Paris, 12 novembre 1839
AM. Pauthier
Vol. 1, p. 161
Monsieur Pauthier, je dépose chez votre concierge, avec la présente, un exemplaire imprimé de mon Discours sur le Dimanche, que j’ai fait tirer à deux cents exemplaires, pour mes amis et pour tous les hommes de bonne volonté que je puis connaître. J’ai moins voulu entretenir le public de mes rapsodies que recueillir les observations et les critiques des vrais philosophes et des gens de cœur. L’Académie de Besançon a loué le style de mon Mémoire, ainsi que l’imagination et le talent de l’auteur ; mais elle a blâmé la doctrine. D’autres personnes ont été, sur les deux points, d’un avis tout contraire, admettant les idées et trouvant beaucoup à redire à la forme. J’ai dessein de corriger et de retravailler beaucoup cet Essai, que je regarde comme mon programme. Je vous aurais donc une grande obligation si vous consentiez à faire parvenir à M. Tissot, votre ami, un exemplaire de cette brochure et de lui recommander l’auteur et l’ouvrage.

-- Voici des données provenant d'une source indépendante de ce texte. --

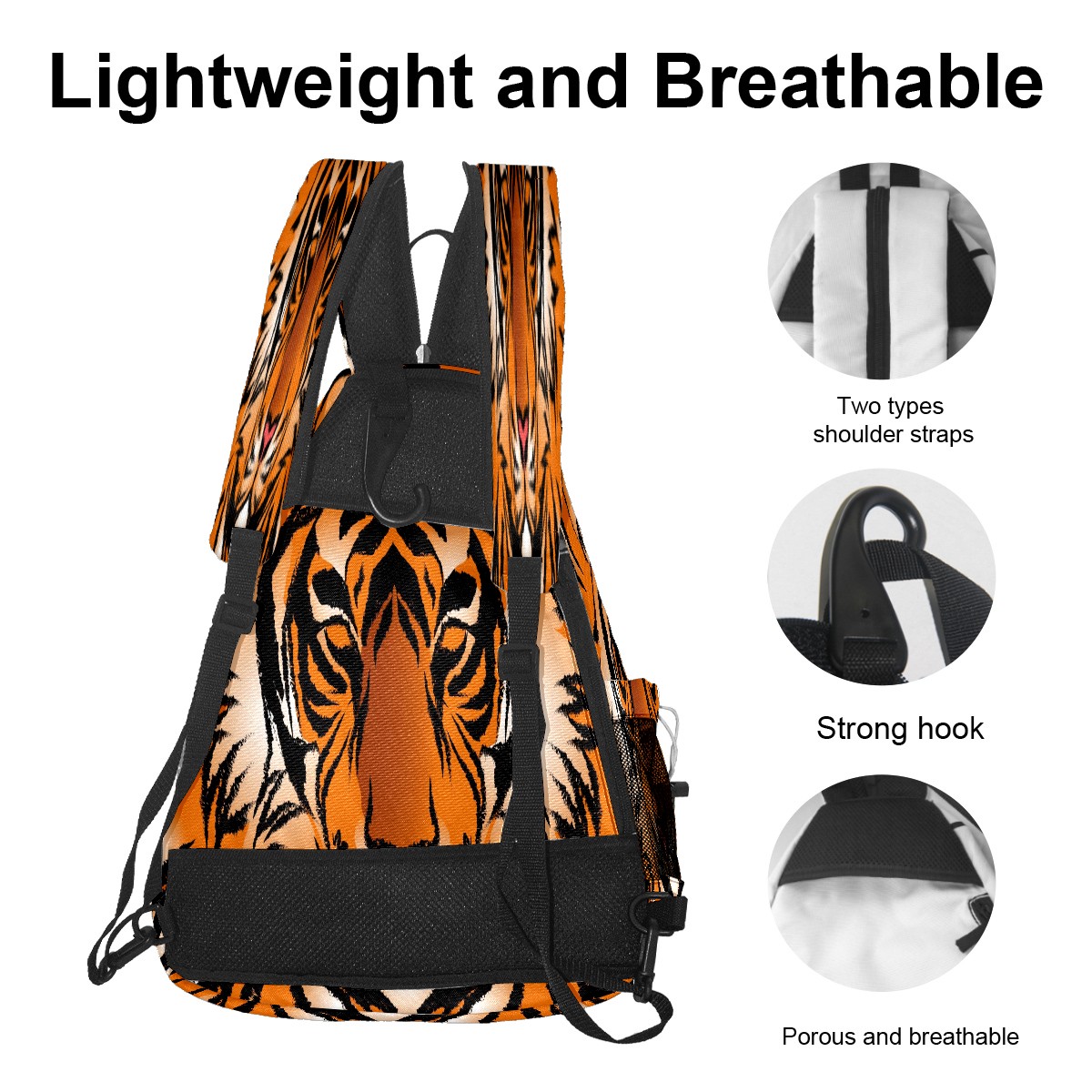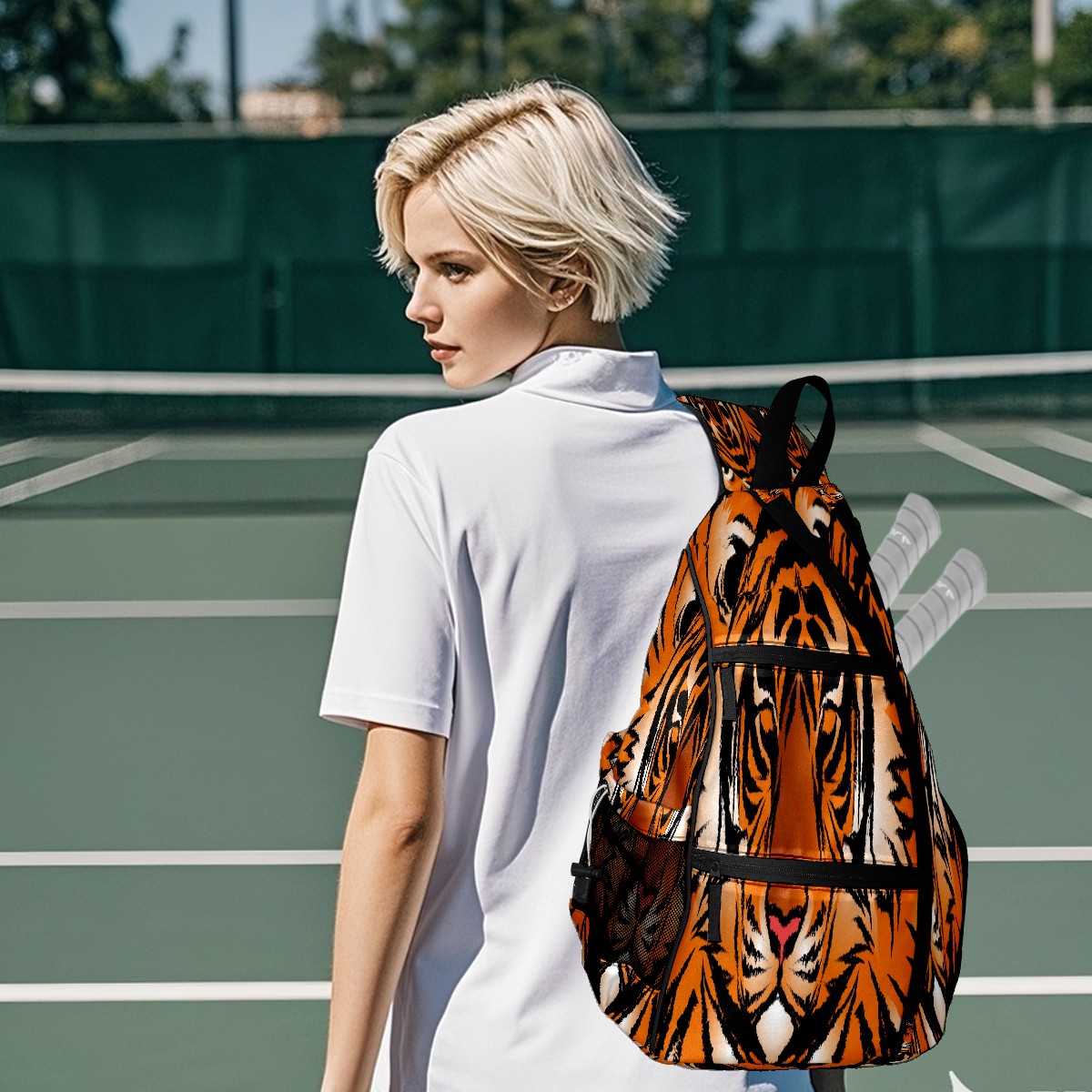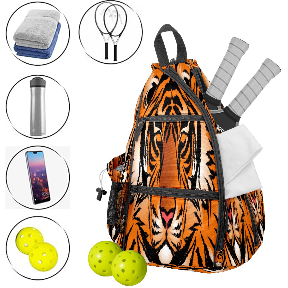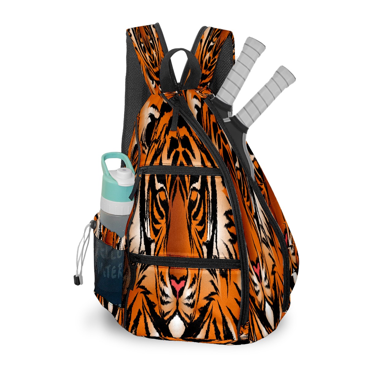 Multifunctional Pickleball Bag,Large Capacity Sports Pickleball Racket Bag, Water Bottle Holder and Fence Hook,Suitable for Both Men Women -Striped Bengal Tiger

Je n’ai pu me défendre d’un certain mouvement de vanité en apprenant que M. Daudon, couronné par l’Académie, et dont j'avais l’honneur d’être le concurrent, était M. Tissot, professeur de philosophie à Dijon. Cependant, je serais fâché que M. Tissot pût croire que je mets en comparaison sa science et ma médiocrité, et que la publication de mon discours vient d’un autre sentiment que du désir de provoquer l’attention des hommes éclairés sur des idées que je m’obstine encore à croire vraies et utiles. M. Tissot est philosophe et de plus savant et grand érudit, et je ne suis qu’un pauvre apprenti ; mais nous sommes compatriotes, et j’espère, comptant sur votre bienveillante intercession, qu’il daignera me lire et m’envoyer ses critiques.
Je suis logé, provisoirement, rue Jacob, 16. Faites-moi connaître votre retour.